• _DATA SECTION_
========
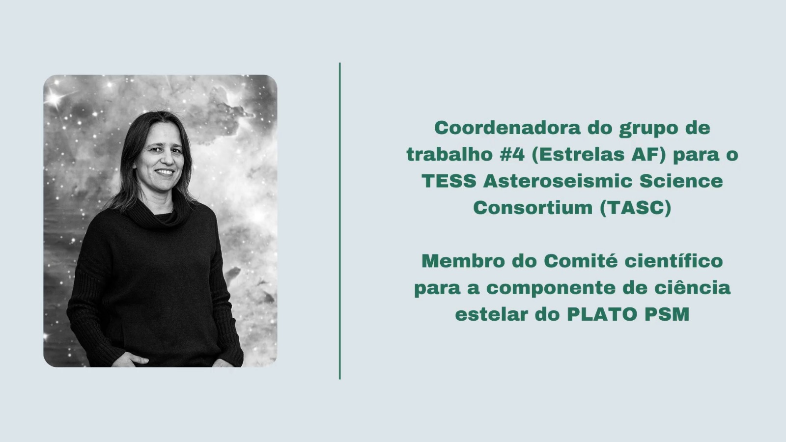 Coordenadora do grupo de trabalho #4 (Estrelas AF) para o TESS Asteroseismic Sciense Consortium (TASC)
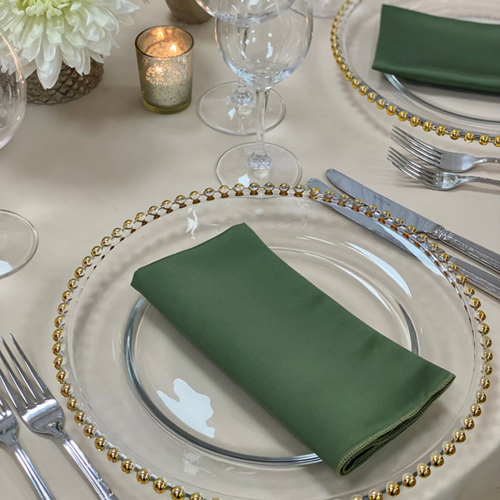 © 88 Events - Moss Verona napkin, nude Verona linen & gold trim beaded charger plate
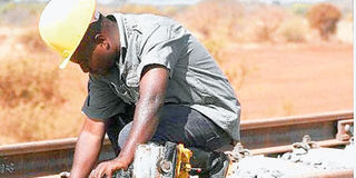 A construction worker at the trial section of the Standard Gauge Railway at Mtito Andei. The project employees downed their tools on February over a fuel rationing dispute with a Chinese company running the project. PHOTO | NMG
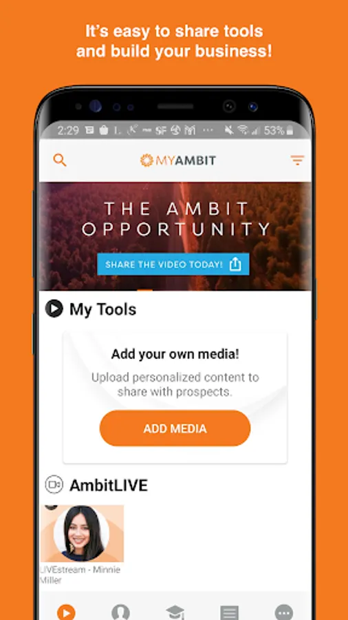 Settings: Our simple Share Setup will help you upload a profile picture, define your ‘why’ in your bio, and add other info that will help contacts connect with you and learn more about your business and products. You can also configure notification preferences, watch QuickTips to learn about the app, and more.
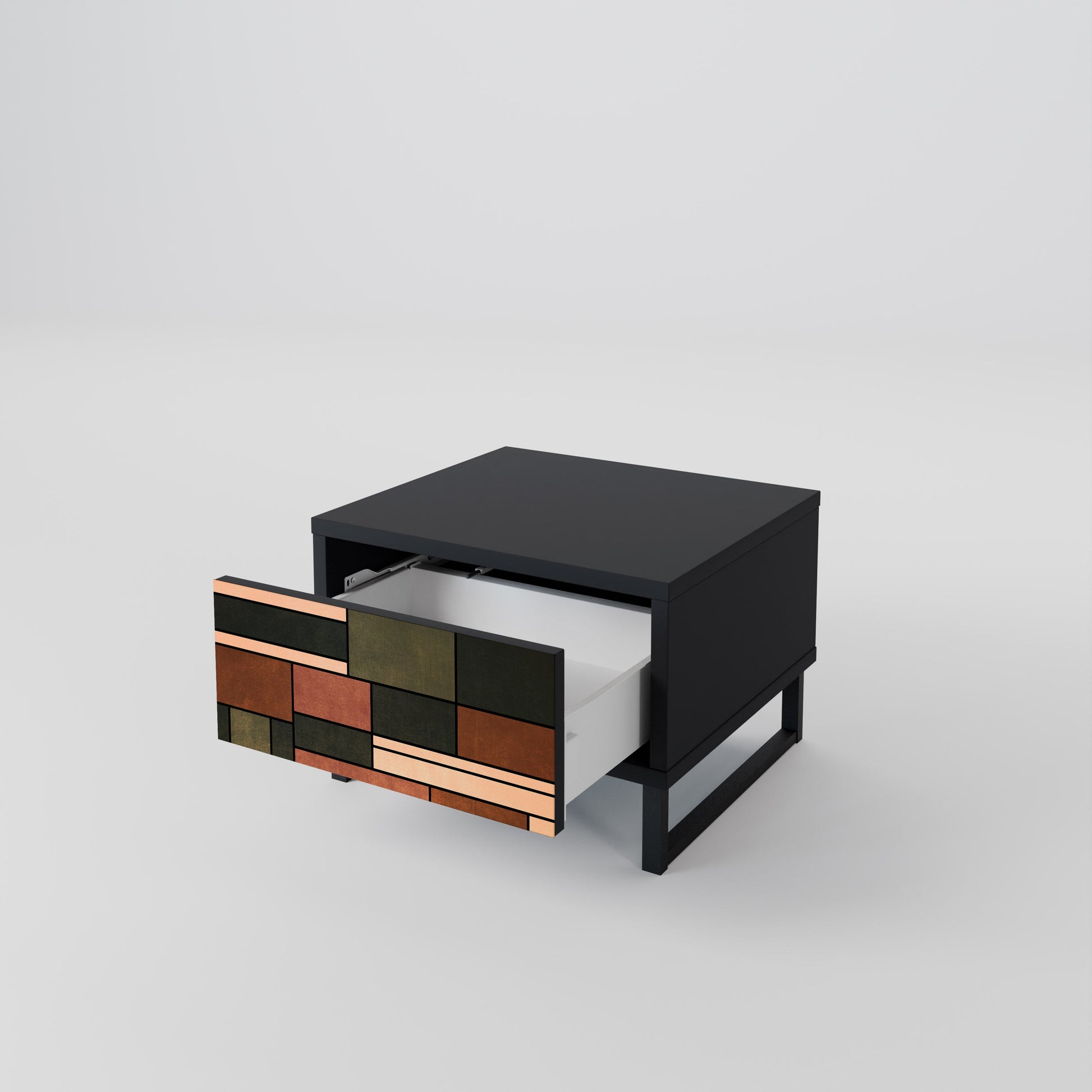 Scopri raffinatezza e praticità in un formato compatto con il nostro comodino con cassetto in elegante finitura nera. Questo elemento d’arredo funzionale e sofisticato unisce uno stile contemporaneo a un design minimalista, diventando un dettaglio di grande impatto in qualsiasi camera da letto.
========
• _WHAT YOU ARE ASKED TO DO_
The lines to be transcribed are those from the first line of the data above through the line holding "Settings: Our simple", inclusive; copy them exactly and only, leaving out the pictures.

• _TASK ANSWER_
 Coordenadora do grupo de trabalho #4 (Estrelas AF) para o TESS Asteroseismic Sciense Consortium (TASC)
 © 88 Events - Moss Verona napkin, nude Verona linen & gold trim beaded charger plate
 A construction worker at the trial section of the Standard Gauge Railway at Mtito Andei. The project employees downed their tools on February over a fuel rationing dispute with a Chinese company running the project. PHOTO | NMG
 Settings: Our simple Share Setup will help you upload a profile picture, define your ‘why’ in your bio, and add other info that will help contacts connect with you and learn more about your business and products. You can also configure notification preferences, watch QuickTips to learn about the app, and more.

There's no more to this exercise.